A terrorist attack has shocked, humiliated and enraged Star Fleet. Captain Jim Kirk and the crew of the Starship Enterpriseare ordered to pursue and kill the perpetrator, who is hiding on a deserted planet in the warlike Klingon Empire. Risking war with the Klingons and discipline from his superior officers, Kirk captures the fugitive with the intent of bringing him to trial for his crimes, and at that time, Kirk learns that while the enemy is certainly a violent adversary with an agenda of his own, Kirk’s superiors have not revealed to him the nature of the criminal nor the causes of his jihad.

In the tradition of the original “Star Trek,” Abram’sversion wrestles with contemporary moral issues.  Kirk must grapple with dealing honorably and morally with a dishonorable and immoral foe, much the same way the current world must deal with terrorism. Administrative obstructionism also rears its ugly head and the Enterprise crew find themselves questioning to whom they owe their duty: to Star Fleet Command or to a higher morality.  

Other issues involve coming to grips with death; the duty owed to friends, family, and crewmembers; and the maturity necessary for leadership.  But these serious moral issues are all cloaked in an exciting adventure overflowing with awesome special effects, an excellent soundtrack, and terrific acting.  The film never appears preachy.

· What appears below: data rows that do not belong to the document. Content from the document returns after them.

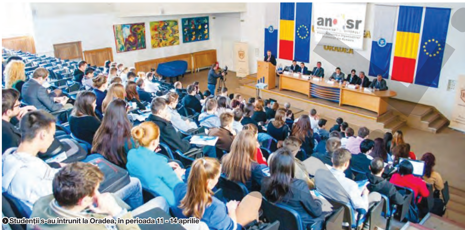
● Studenții s-au întrunit la Oradea, în perioada 11 - 14 aprilie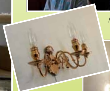
De nye smukke lampetter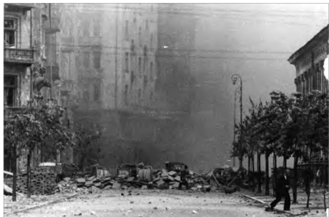
Barykada oddzielająca plac Napoleona od ul Szpitalnej w czasie Powstania Warszawskiego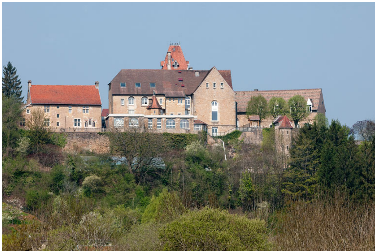
Vue d'ensemble depuis la route de Gouhelans.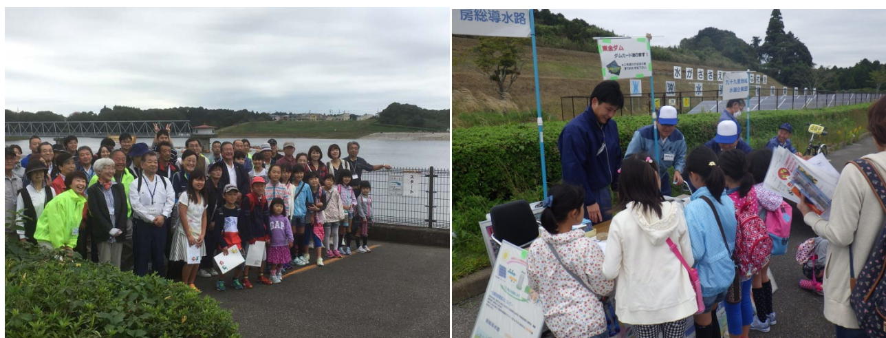
スタート前の記念写真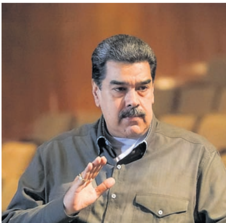
(ElNacional) - Presidente di Venezuela, Nicolas Maduro, a declara cu e ta cla pa normalisa rela-

politana. E yamada na participa den e proceso di urgencia a wordo publica diaranson y diahuebs, 28 y 29 di december. E asignacion ta poni pa dia 30 di maart y e firma di e contractnan pa dia 20 di april.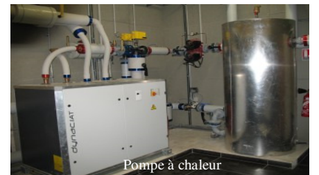
Pompe à chaleur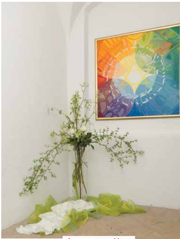
Aus unserem Haus

Das Haus-der-Frauen-Programm auf einen Blick – zum Herausnehmen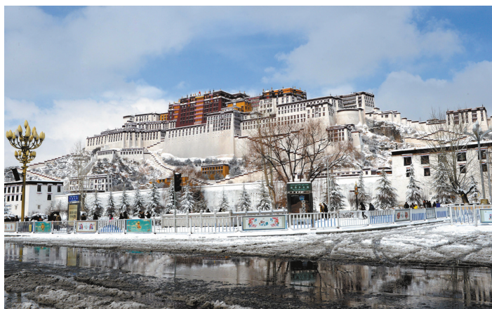
拉萨迎来近20年来最大降雪 这是雪中的布达拉宫(2月13日摄)。当日,拉萨降雪。据西藏自治区气象台消息,截至11时,降雪量已达17.3毫米,为拉萨近20年来最大的一场降雪。

据新华社北京2月13日电(罗沙 邹伟)最高人民法院13日开通了全国法院减刑、假释、暂予监外执行信息网,确保“减假暂”案件办理的公开公正,保障社会公众的知情权、参与权和监督权。 据介绍,人民法院受理“减假暂”案件后,除依法不公开的案件外,一律在立案后五日内将执行机关报请减刑、假释的建议书或者被告人及其辩护人的暂予监外执行申请书在信息网上进行公示。社会公众通过上网查询,便能准确掌握人民法院受理“减假暂”案件的具体情况。 对于人民法院决定公开开庭审理的“减假暂”案件,一律

The cast reprise their roles from the 2009 movie, and the relationships between them are fascinating. Chris Pine (“Unstoppable”) plays the passionate Kirk; Zachary Quinto (TV’s “Heroes”) is the outwardly stoic but still fervent Spock; Zoe Saldana (“Avatar”) portrays the exotic Uhura; Karl Urban’s (“Red”) role as Bones is more minor than I’d have liked; John Cho (“Total Recall”) is the inscrutable Sulu; Anton Yelchin (“Fright Night”) portrays the excitable Chekhov; and Simon Pegg (“Shaun of the Dead”) plays the snappish Scotty.  Non-crew members include Bruce Greenwood (“Flight”) as the fatherly Pike; Peter Weller (“Dragon Eyes”) as the vengeful Marcus; and Alice Eve (“Men in Black 3”) as his daughter sexy Carol Marcus. Benedict Cumberbatch (TV’s “Sherlock”) is a mesmerizing villain as the terrorist.

You can quibble about a number of issues in “Star Trek: Into the Darkness.” For instance, security is too easily breached on every Star Fleet ship and is nonexistent on its other facilities. And a couple of corny throw away lines, tying this version to previous “Star Trek” episodes, completely rob some very gripping scenes of their dramatic impact.  But still this is an exciting, intellectually stimulating, and emotionally charged movie well worth the price of a ticket.


3.5 Stars

1 star = avoid this boring mess of a movie at all costs.  Reading the dictionary is more entertaining.

2 stars = if you're in the right mood or if the subject matter appeals to you, you may like this film; or it is uneven, at times entertaining and believable and at other times sophomoric.  If you've got nothing else to do, it may be worth the price of admission (at least a matinee).

3 stars = this is a generally good movie that most people will enjoy.  If you're looking for an entertaining couple of hours, spend it here and you won't be disappointed.

4 stars = don't miss this film!  I don't care if you have time or not, make the time, because this movie is terrific.